**Material for this task:**
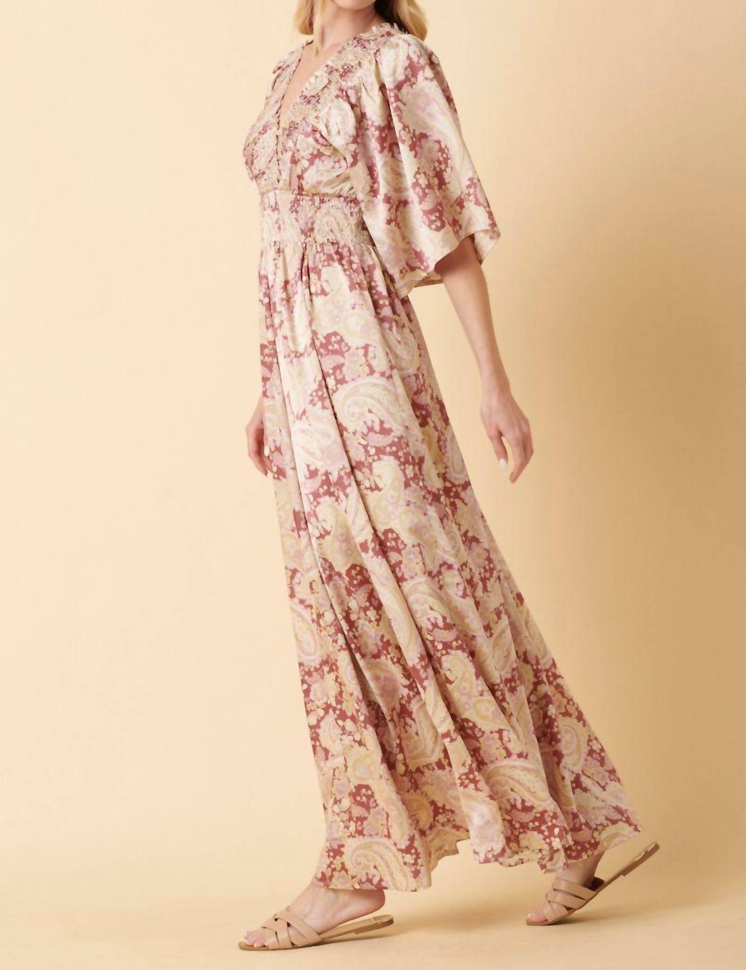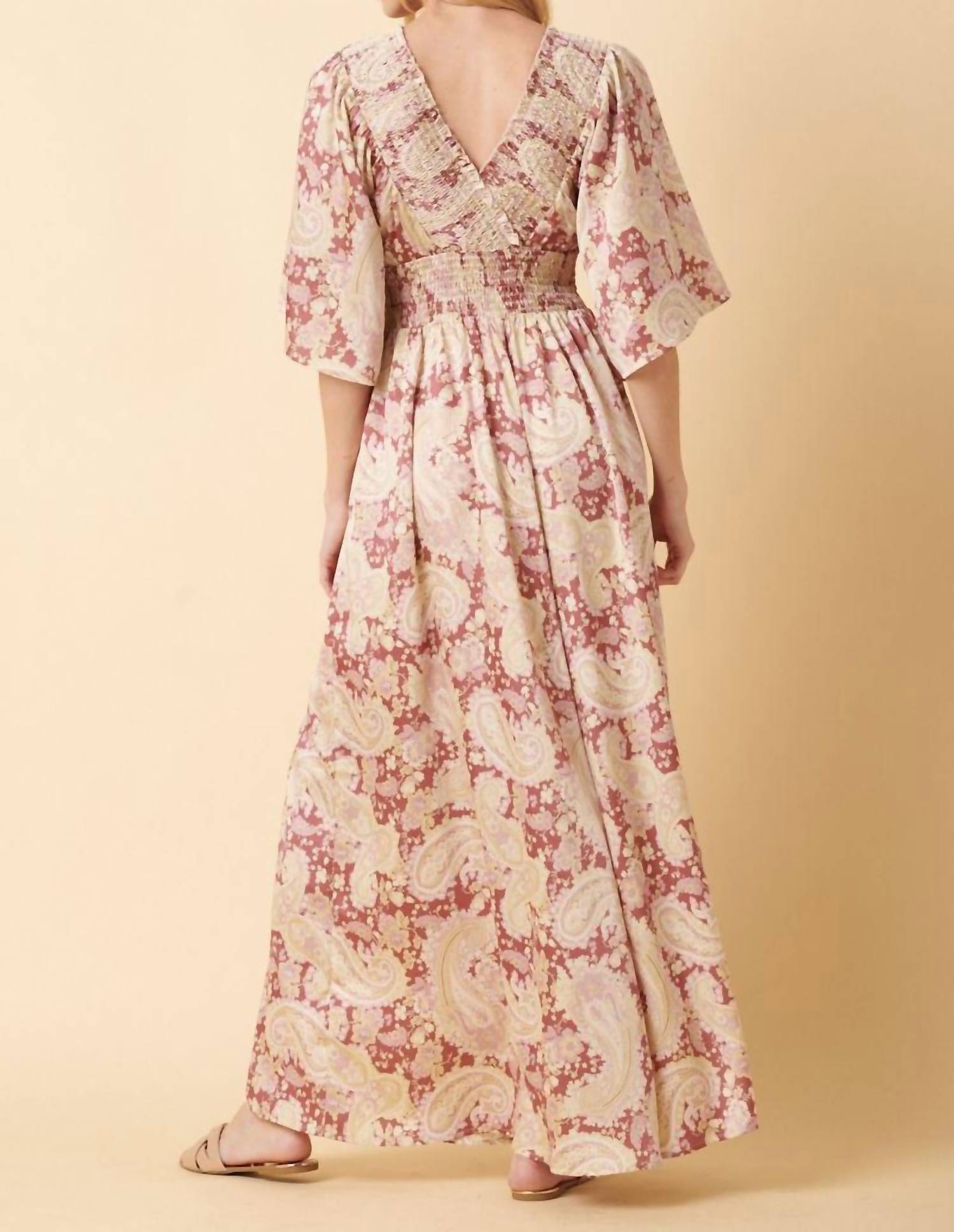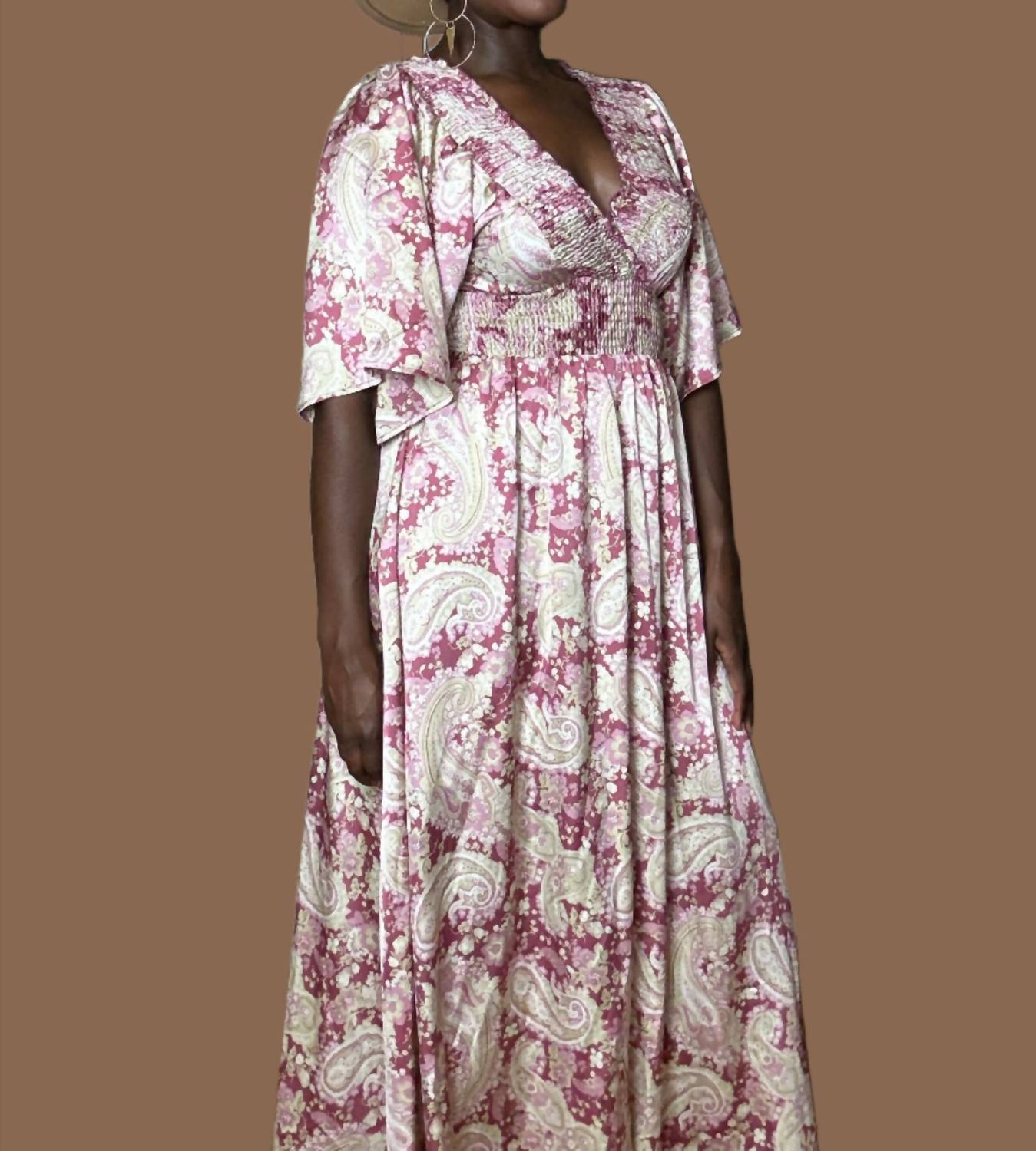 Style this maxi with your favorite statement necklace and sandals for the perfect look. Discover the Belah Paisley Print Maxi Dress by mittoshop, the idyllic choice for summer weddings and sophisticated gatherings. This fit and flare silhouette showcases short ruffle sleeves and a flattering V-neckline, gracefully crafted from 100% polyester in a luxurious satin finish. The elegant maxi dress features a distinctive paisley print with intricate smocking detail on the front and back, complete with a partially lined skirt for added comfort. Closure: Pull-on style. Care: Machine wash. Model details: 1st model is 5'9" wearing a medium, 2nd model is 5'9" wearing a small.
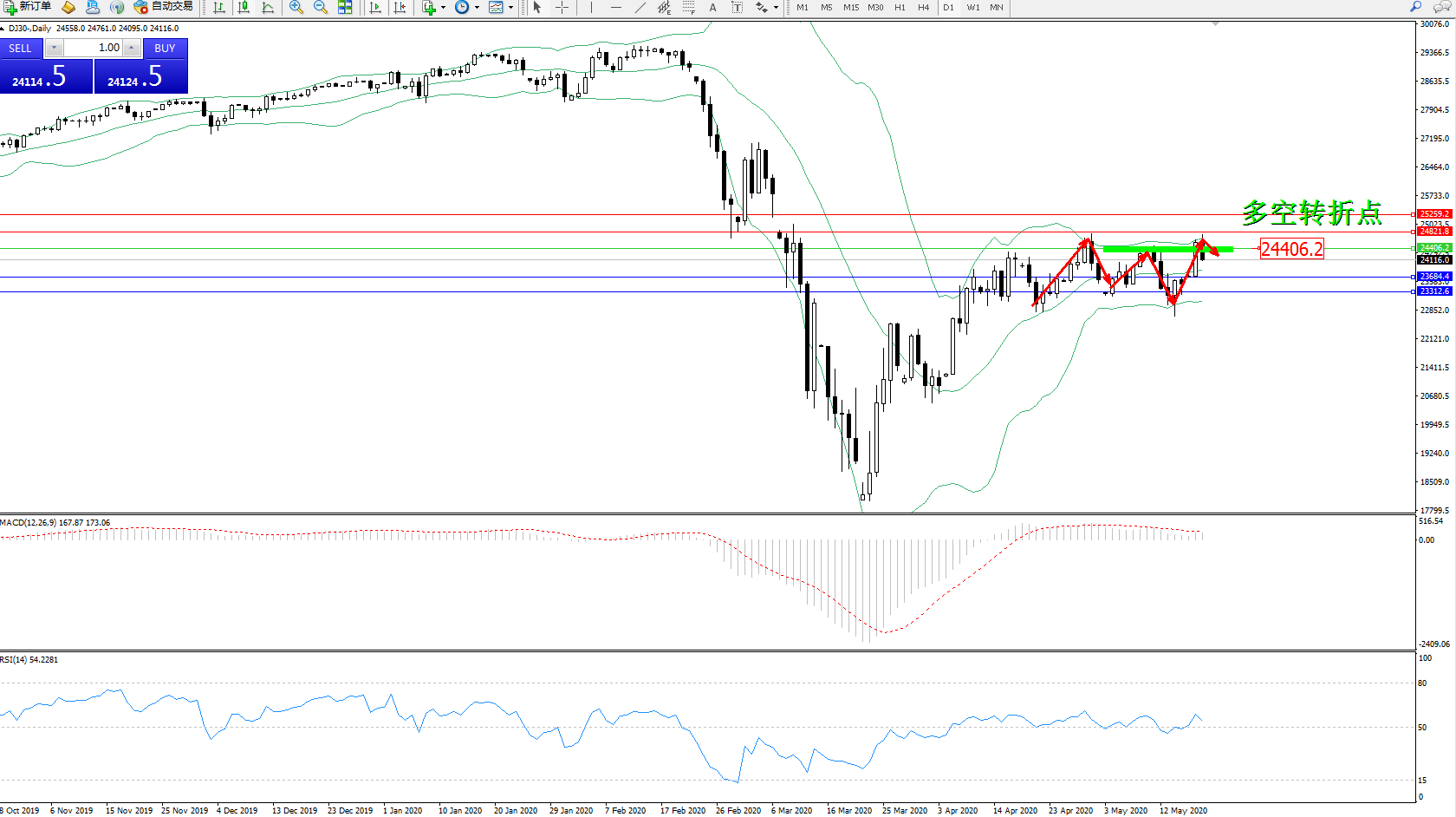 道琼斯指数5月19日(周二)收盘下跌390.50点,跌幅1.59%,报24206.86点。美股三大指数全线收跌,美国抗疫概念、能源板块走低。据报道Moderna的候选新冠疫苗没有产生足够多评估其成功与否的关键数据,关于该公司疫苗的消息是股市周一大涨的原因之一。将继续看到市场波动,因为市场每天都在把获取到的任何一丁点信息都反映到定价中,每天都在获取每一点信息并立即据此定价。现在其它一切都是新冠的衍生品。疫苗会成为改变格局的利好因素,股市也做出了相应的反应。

==

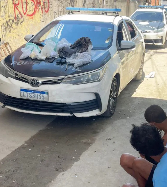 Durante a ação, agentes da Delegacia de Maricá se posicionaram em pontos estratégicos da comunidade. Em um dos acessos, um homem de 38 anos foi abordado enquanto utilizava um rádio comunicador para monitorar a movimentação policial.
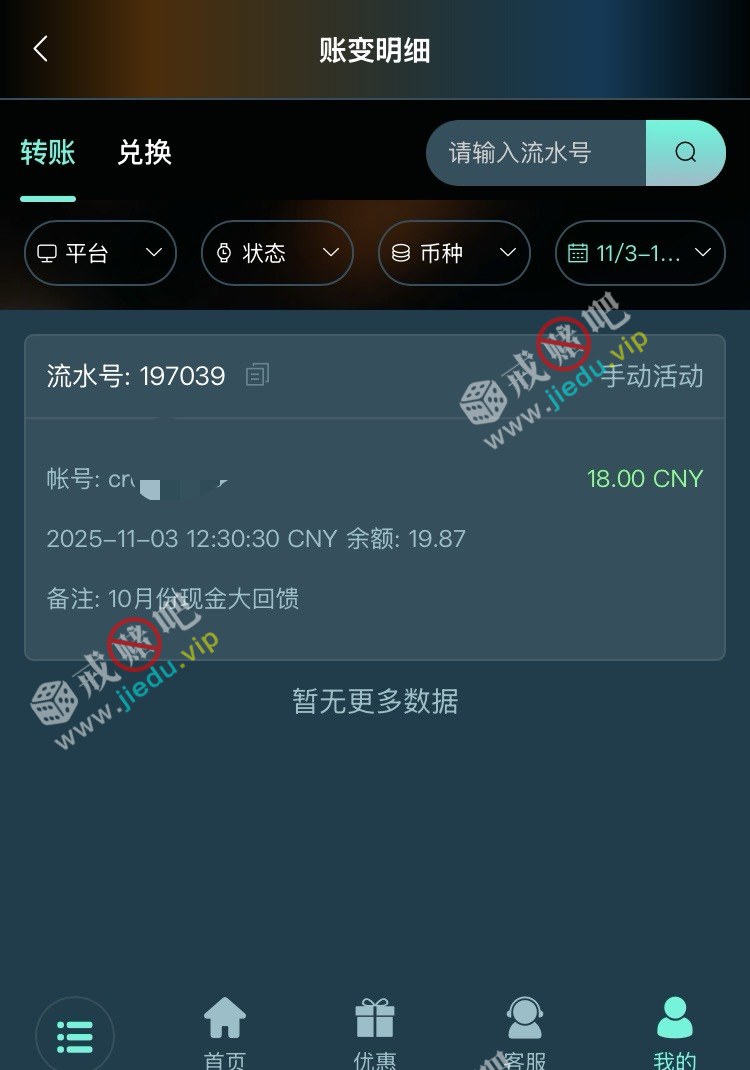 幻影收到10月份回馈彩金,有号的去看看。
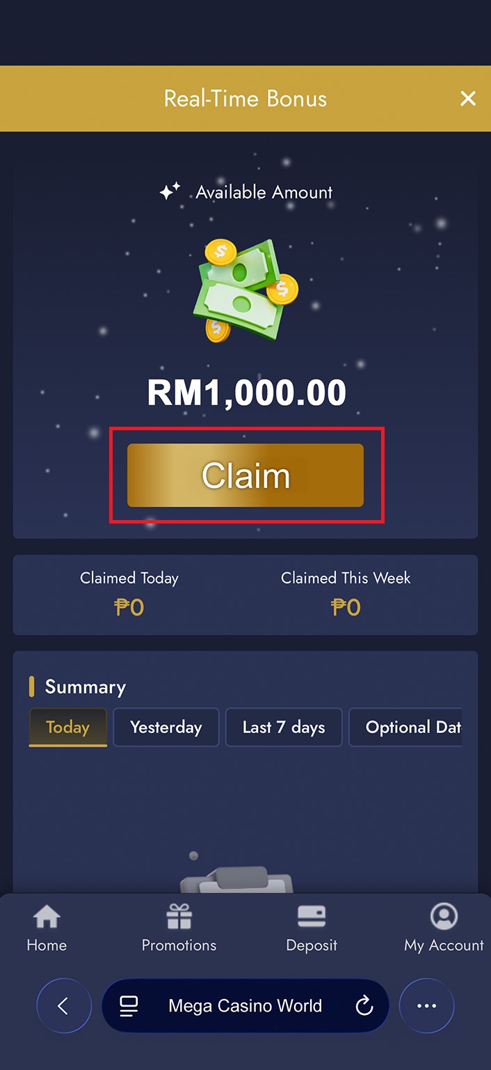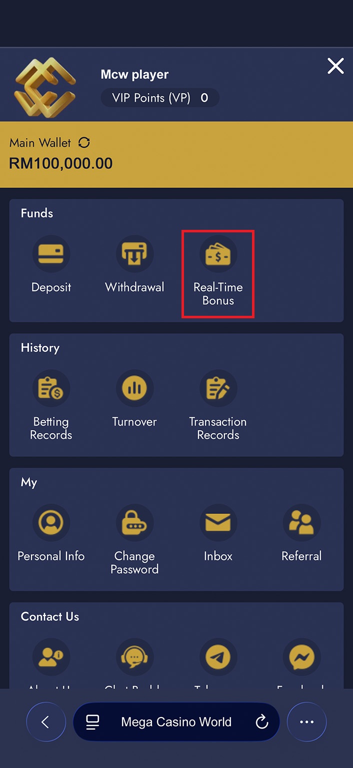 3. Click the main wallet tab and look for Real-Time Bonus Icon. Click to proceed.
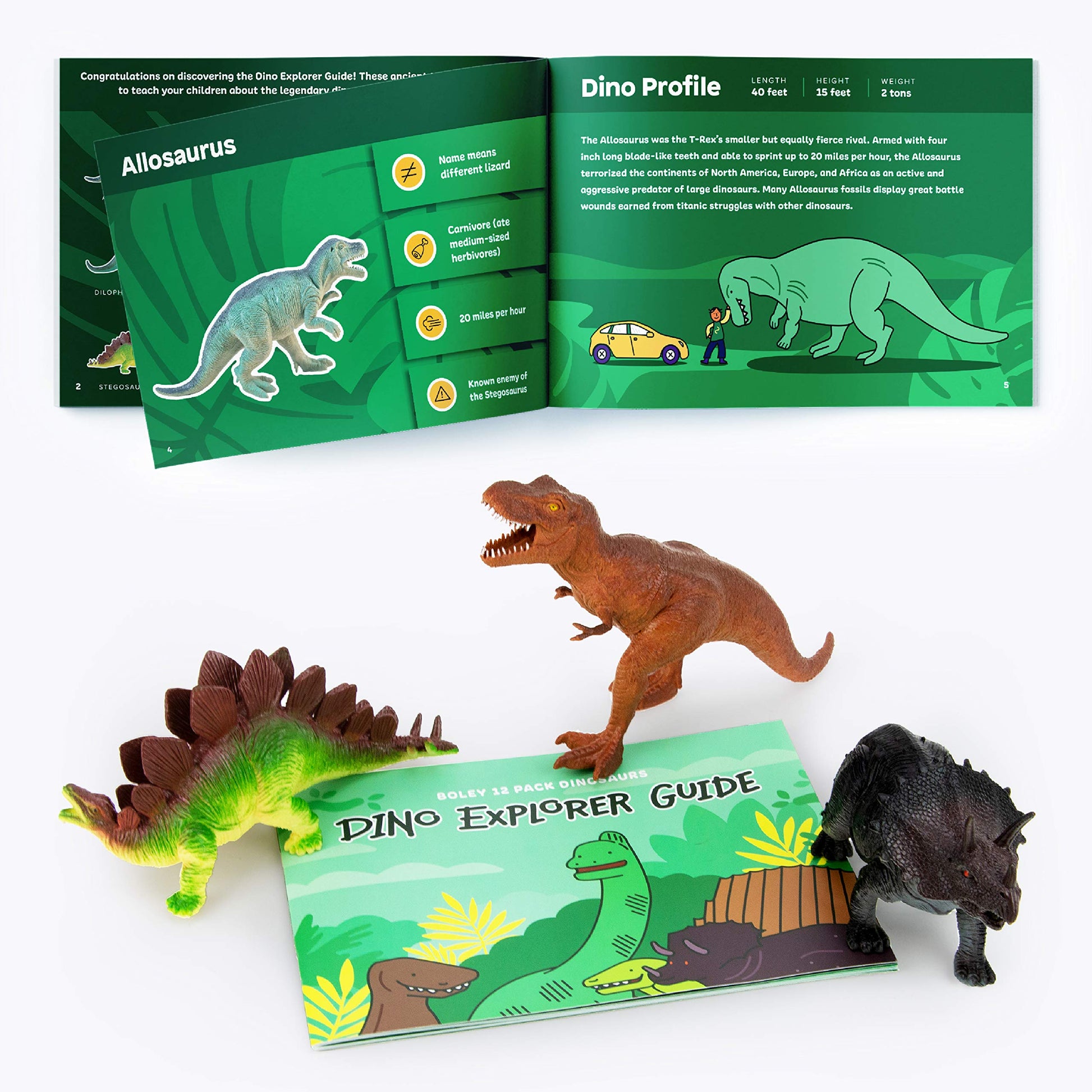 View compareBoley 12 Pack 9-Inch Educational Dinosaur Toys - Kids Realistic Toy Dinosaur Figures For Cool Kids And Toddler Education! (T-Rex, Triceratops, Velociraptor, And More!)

**Activity:** Everything from the line above that contains "Durante a ação, agentes" down to the line that contains "3. Click the" must be reproduced exactly, both ends included. Omit the pictures.

**Expected answer:**
 Durante a ação, agentes da Delegacia de Maricá se posicionaram em pontos estratégicos da comunidade. Em um dos acessos, um homem de 38 anos foi abordado enquanto utilizava um rádio comunicador para monitorar a movimentação policial.
 幻影收到10月份回馈彩金,有号的去看看。
 3. Click the main wallet tab and look for Real-Time Bonus Icon. Click to proceed.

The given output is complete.